This is amazing, but one thing I don't really understand is this: earlier in the presentation, they demoed some new Google Assistant voices. All of them sound like standard computer-synthesized assistants. On the other hand, the synthesized Duplex voices sound indistinguishable from human speech to me, even without the "disfluencies" they include.
If Google has gotten speech synthesis to this point, why isn't Assistant synthesizing speech of this quality?
I have a feeling it's because this is such a limited domain.
During the demo it all sounded very realistic, except for some parts like the times. It would flow naturally then all of a sudden pause awkwardly and then say a time like "12 pm" in a weird way.
I have a feeling they are getting it to sound so realistic because there's a fairly small amount of responses and questions it needs to work with, so they can either pre-record real humans, or heavily tune a ML voice to sound as natural as possible.

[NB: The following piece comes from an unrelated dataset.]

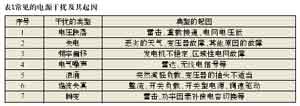 造成電源干擾復雜性的第二個原因是干擾表現的形式很多,從持續(xù)期很短的尖峰干擾直至電網完全失電,其中也包括了電壓的變化(如電壓跌落、浪涌和中斷)、頻率變化、波形失真(包括電壓和電流的)、持續(xù)噪聲或雜波,以及瞬變等。我們根據國內外的抗擾度測試的一系列標準和實際應用中常常出現的問題,總結了電源干擾的常見起因,如表1所示。

I'm reminded of a thing I read about generating "yellow letters" for real estate leads. The letters look like someone handwrote them on a steno pad. If you used a handwriting font they would look fake. But you can't handwrite each one, that'd take to long for thousands of letters. What they do is get a handwriting font made of their handwriting, and sure it looks fake. But they write most of the letter template out by hand and use the handwriting font for just the parts that change. I wonder if something similar is going on here, where they have taught the speech synthesis a bunch of phrases and they color in the bits with synthetic speech where it's needed. The inflection is also easier to specify in those cases.
If Google has gotten speech synthesis to this point, why isn't Assistant synthesizing speech of this quality?